喫茶店のコーヒー500円が高い~と言うのもそうだけど、ネットレビューは大概参考にならないと言うか、行ってみないと解らないと言うか。
ライブと一緒で、好きな人や気に入っている人は、ネットで不特定多数に、公然に、自分の主義主張を叫んで広めようとしないで、熱心に、そっと自分の足で直接通って、応援していたりして…

なんかしら言いたがりな人は、足や目を使って確かめてないで、机上の空論で、解った気になって、やった気になって、自分の存在をアピールして、満足してる事が多いと、私なんかは、思いますねー(´・ω・`)

以上、札幌遠征レポート終わりです。

もうこの記事書いてるとき、後半に差し掛かった頃、全部消えてめげそうになった。頑張った…orz

どうでもええんですけど、私の作っている音楽や、CDや、そういう物にも、私が一生懸命、世の中にある色々な素敵な事を見逃すまいとしている記憶や、景色や、そういうものがいっぱい詰まっております。
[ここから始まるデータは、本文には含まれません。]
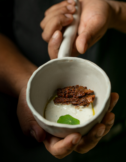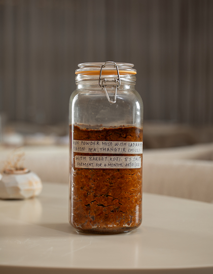 Fermentation plays a pivotal role in our kitchen – it's a technique deeply ingrained in the culinary traditions of my heritage. The kitchen's commitment to this method is reflected in our close partnership with Ladakh Basket, a social enterprise dedicated to transformative change and empowering women in the community while enhancing the region's biodiversity. This initiative is crucial as it addresses the erosion of Ladakh's culinary heritage, where foraging practices had ceased.We've also forged strong connections with the central-western regions of Maharashtra and the tribal communities in Neral and Palghar, exploring the freshest seasonal wild foods with these communities and aiming to reintroduce forgotten ingredients and reclaim culinary diversity. Foraging is at the heart of our philosophy; it emphasises resourcefulness and the championing of lesser-known produce. This philosophy places fermentation at the forefront of our culinary approach. In the high-altitude regions of Ladakh, we source indigenous ingredients such as skotse (wild garlic chives), kosnyot (wild caraway seeds), apricots, catmint, and more.
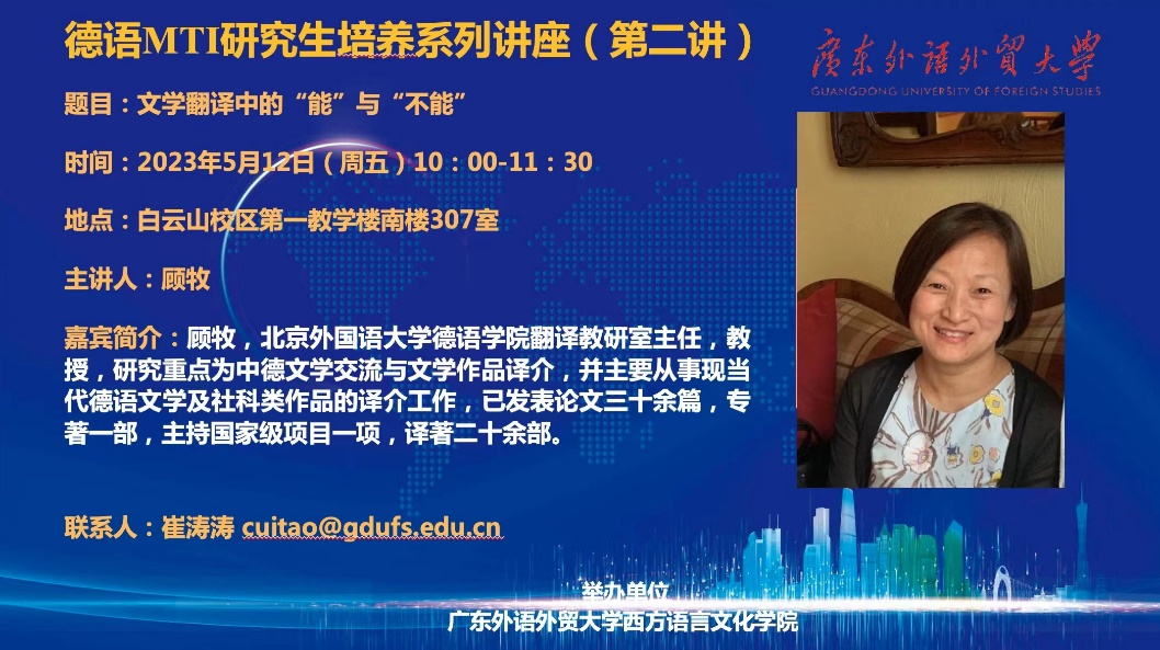 讲学,为德语口译MTI专硕点开展了一场题目为《文学翻译中的“能”与“不能”》的学术讲座。讲座吸引了学院多个语种的研究生、高年级本科生以及部分青年教师前来参加。本次讲座由德语MTI点负责人崔涛涛副教授主持。
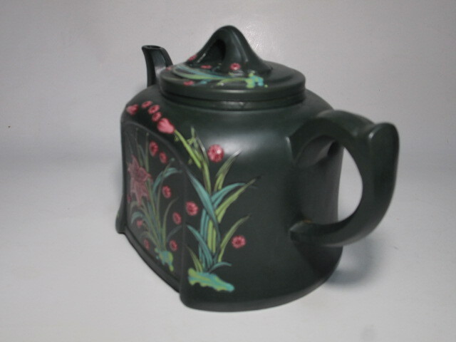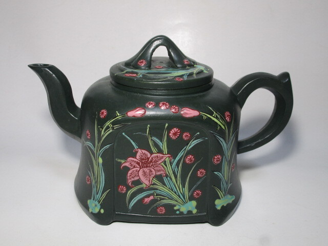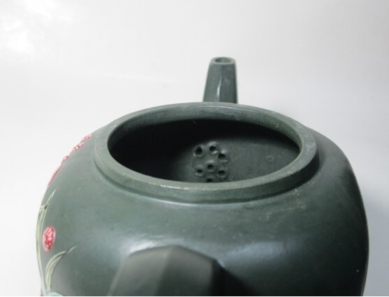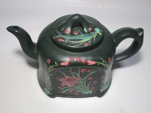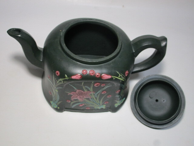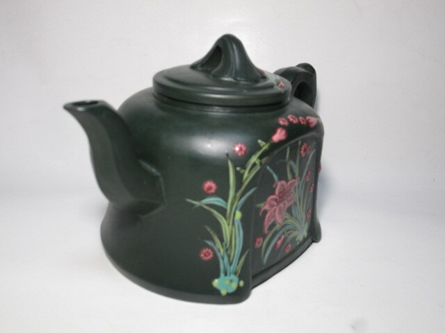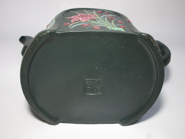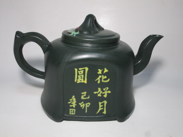 稀少 アンティーク 美品★談碧雲製 綠泥 茶壺 紫砂壺 宜興紫砂 草花紋 漢詩 急須 中国茶 茶道具 煎茶道具★
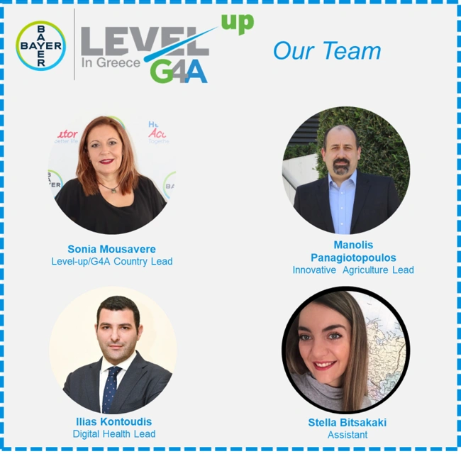 H κυρία Σόνια Μουσαβερέ, Επικεφαλής του τμήματος Επικοινωνίας της Bayer Ελλάς και Υπεύθυνη του προγράμματος Level-up|G4A για την Ελλάδα δήλωσε σχετικά: «Η Bayer Ελλάς, μια εταιρεία με ηγετική θέση στους τομείς της Υγείας και της Γεωργίας, στέκεται πάντα αρωγός σε καινοτόμα επιχειρηματικά εγχειρήματα που θέτουν ισχυρές βάσεις για το μέλλον. Η εταιρεία ενθαρρύνει την ανάπτυξη νέων ιδεών, που μας φέρνουν πιο κοντά στο όραμα μας ‘’Υγεία και Τροφή για όλους’’. Το πρόγραμμα Level-up | G4A έρχεται να προσφέρει τα εφόδια εκείνα που χρειάζονται για ανάπτυξη και συνεχή εξέλιξη, τόσο των νεοφυών επιχειρήσεων, όσο και των εξαιρετικών ερευνητικών ομάδων της χώρας μας, ώστε να αναδειχθεί περισσότερο το Ελληνικό οικοσύστημα καινοτομίας. Άλλωστε, για να ανταποκριθούμε σε ένα ταχέως μεταβαλλόμενο περιβάλλον, χρειαζόμαστε καινοτόμες λύσεις και αυτές μπορούν να επιτευχθούν, μόνο μέσω της ουσιαστικής και αποτελεσματικής συνεργασίας.»
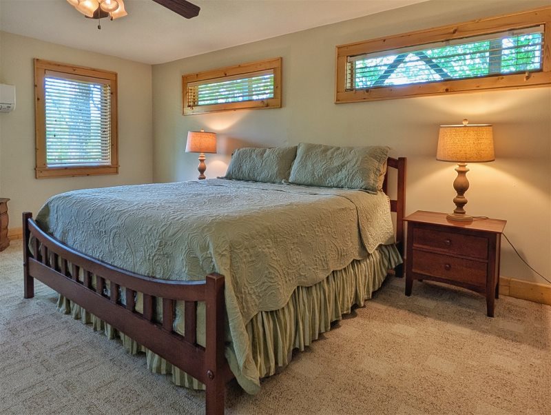 The cabin has everything needed for a relaxing vacation. We really liked the fact that theres a bedroom on each floor. Very well stocked kitchen and the covered porch was perfect! The view was one of the best weve had. Stunning sunset!

ネットで私を見ている方々、ネットで私に話しかけてくれる方々の、音楽には興味がない方々の、たった1人でも、いつか、1枚だけでも、CDを手にとってくれる事があるといいなぁと、思っております。
どうせお金は儲かっていないですし、お金儲けには全然なっていませんので、お気軽にお求め頂きたいと思いますwww

最後に何故宣伝で終わるかと言うと、誰が読んでも楽しいブログを書くようにはしてるんですが、一生懸命ブログを書く動力源は、CDを持っている人、聞いてくれている人、ライブに来てくれる方々の笑顔でして

私が、創作物を、音楽を、どういう思いで作ったのか、どんな景色を見て曲を書いたのか、ブログを通じてなんとなく伝わったらいいなと、そしたらまた、二度三度、創作物を聞いたりして欲しいなと、思っております。

なので、CDとか持ってると、たぶん、ブログももっと面白いよ、と言う話。